(To do)
Images are not wanted; transcribe the rest of the listing exactly.

(Raw data)
--- START ---

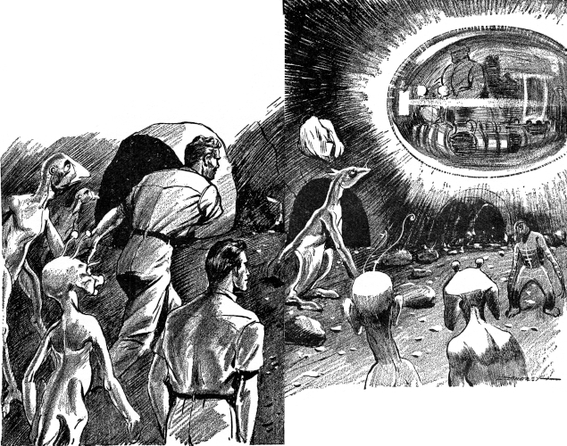 Kueelo, I found, was sullen and silent. The other Martian, V'Narik, talked to me only on a few occasions. "I have a curious presentiment," he told me once, "that I shall never escape from here. You others, perhaps, but not me. I am with you on this only because there is nothing better to do. But if I can only reach the surface, and glimpse the stars once again—especially the redness of Mars—this will have been worth while."
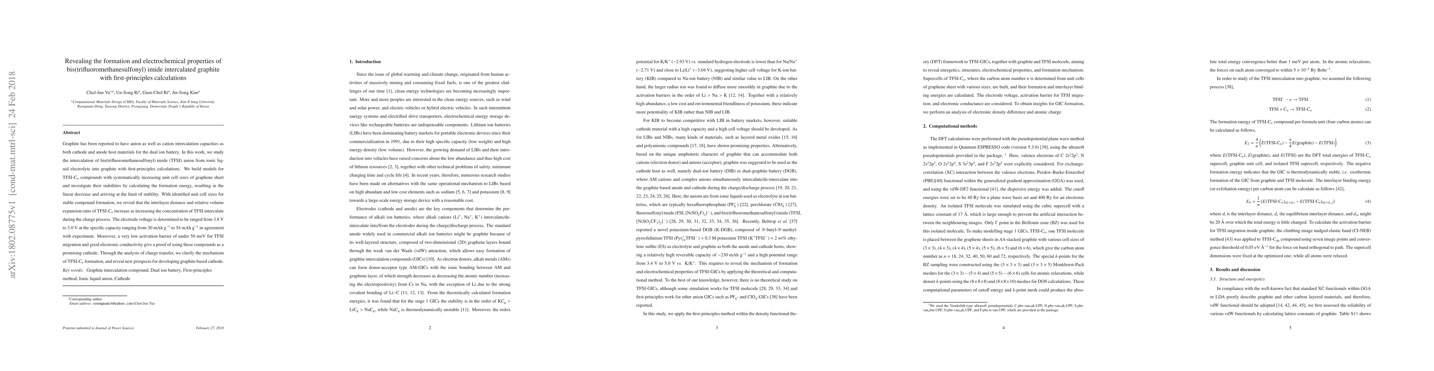 Graphite has been reported to have anion as well as cation intercalation capacities as both cathode and anode host materials for the dual ion battery. In this work, we study the intercalation of bis(trifluoromethanesulfonyl) imide (TFSI) anion from ionic liquid electrolyte into graphite with first-principles calculations. We build models for TFSI-C$_n$ compounds with systematically increasing unit cell sizes of graphene sheet and investigate their stabilities by calculating the formation energy, resulting in the linear decrease and arriving at the limit of stability. With identified unit cell sizes for stable compound formation, we reveal that the interlayer distance and relative volume expansion ratio of TFSI-C$_n$ increase as increasing the concentration of TFSI intercalate during the charge process. The electrode voltage is determined to be ranged from 3.8 V to 3.0 V at the specific capacity ranging from 30 mAh g$^{-1}$ to 54 mAh g$^{-1}$ in agreement with experiment. Moreover, a very low activation barrier of under 50 meV for TFSI migration and good electronic conductivity give a proof of using these compounds as a promising cathode. Through the analysis of charge transfer, we clarify the mechanism of TFSI-C$_n$ formation, and reveal new prospects for developing graphite based cathode.
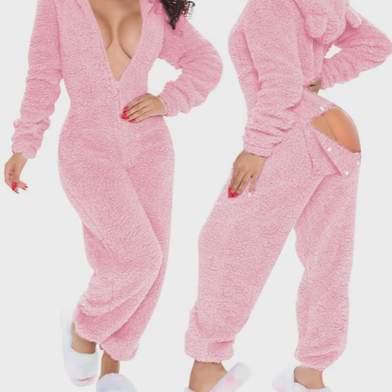 3D Ear Buttoned Flap Functional Fluffy Lounge Jumpsuit

--- END ---

(Task answer)
 Kueelo, I found, was sullen and silent. The other Martian, V'Narik, talked to me only on a few occasions. "I have a curious presentiment," he told me once, "that I shall never escape from here. You others, perhaps, but not me. I am with you on this only because there is nothing better to do. But if I can only reach the surface, and glimpse the stars once again—especially the redness of Mars—this will have been worth while."
 Graphite has been reported to have anion as well as cation intercalation capacities as both cathode and anode host materials for the dual ion battery. In this work, we study the intercalation of bis(trifluoromethanesulfonyl) imide (TFSI) anion from ionic liquid electrolyte into graphite with first-principles calculations. We build models for TFSI-C$_n$ compounds with systematically increasing unit cell sizes of graphene sheet and investigate their stabilities by calculating the formation energy, resulting in the linear decrease and arriving at the limit of stability. With identified unit cell sizes for stable compound formation, we reveal that the interlayer distance and relative volume expansion ratio of TFSI-C$_n$ increase as increasing the concentration of TFSI intercalate during the charge process. The electrode voltage is determined to be ranged from 3.8 V to 3.0 V at the specific capacity ranging from 30 mAh g$^{-1}$ to 54 mAh g$^{-1}$ in agreement with experiment. Moreover, a very low activation barrier of under 50 meV for TFSI migration and good electronic conductivity give a proof of using these compounds as a promising cathode. Through the analysis of charge transfer, we clarify the mechanism of TFSI-C$_n$ formation, and reveal new prospects for developing graphite based cathode.
 3D Ear Buttoned Flap Functional Fluffy Lounge Jumpsuit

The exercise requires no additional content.